Microplastics (plastic < 5 mm) are ubiquitous pollutants in aquatic ecosystems. Although there have been numerous studies examining microplastic ingestion by organisms, other interactions between organisms and microplastics have only rarely been investigated. So far, it is known that marine tube-building polychaetes incorporate microplastics into their housings and that bees use plastic for brood cell construction. In freshwater ecosystems, the larvae of many caddisfly species build cases using sand and plant material. Those cases aid in the larva’s respiration, camouflage and physical protection from predators. Although freshwater ecosystems are polluted with plastic debris, caddisfly cases have only recently been analyzed for microplastics by our research group. We collected case-bearing Lepidostoma basale caddisfly larvae from the field, chemically deconstructed their cases and analyzed them for microplastics using digital microscopy and state-of-the-art micro-Fourier-transform infrared spectroscopy for polymer identification. Similarly, we analyzed sediment and water from the collection site for microplastics. Furthermore, we conducted a laboratory experiment to investigate effects of microplastics in caddisfly cases. Their stability (i.e., resistance to pressure) strongly depends on the type of case material. Hence, we offered PVC and PET microplastics together with sand to individual larvae and analyzed the cases’ stability using a customized 'caddisfly case cracker'.
Results/Conclusions
By analyzing the field-collected cases we found that caddisfly larvae incorporate microplastics of different shapes (fibers, fragments, films, spheres), colors, sizes and polymer types (such as polypropylene, polyethylene, polyester) into their cases in the field. Most microplastics in the cases were films and fragments which likely derived from degrading larger plastic items.
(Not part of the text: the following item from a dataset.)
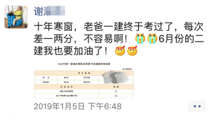 成功會遲到卻不曾缺席,2017年,謝守衛(wèi)通過經(jīng)濟與法規(guī)科目,2018年,通過管理與實務科目。十年磨“一建”,謝守衛(wèi)用他的堅持與努力向我們詮釋了一句話:想要學有所成,有所收獲,就必須要努力地去堅持!

Microplastic loads in caddisfly cases were higher than in the surrounding water and sediment, suggesting that caddisfly cases can be microplastic sinks in freshwater habitats. As some fish species, such as trout, regularly ingest caddisfly larvae together with their cases, microplastics in caddisfly cases could be transferred to predatory fish. In fish, microplastics can have negative effects by e.g. causing inflammations. During the laboratory experiment, the larvae used the microplastics and the sand for case building as soon as they were removed from their original cases. When breaking the cases with the 'caddisfly case cracker', we found that with an increasing percentage of PVC and PET particles in caddisfly cases, case stability was reduced. As caddisfly cases act as a physical protection from case-crushing predators such as juvenile dragonflies and fish, microplastics in caddisfly cases may be detrimental for the survival of caddisfly larvae in the field.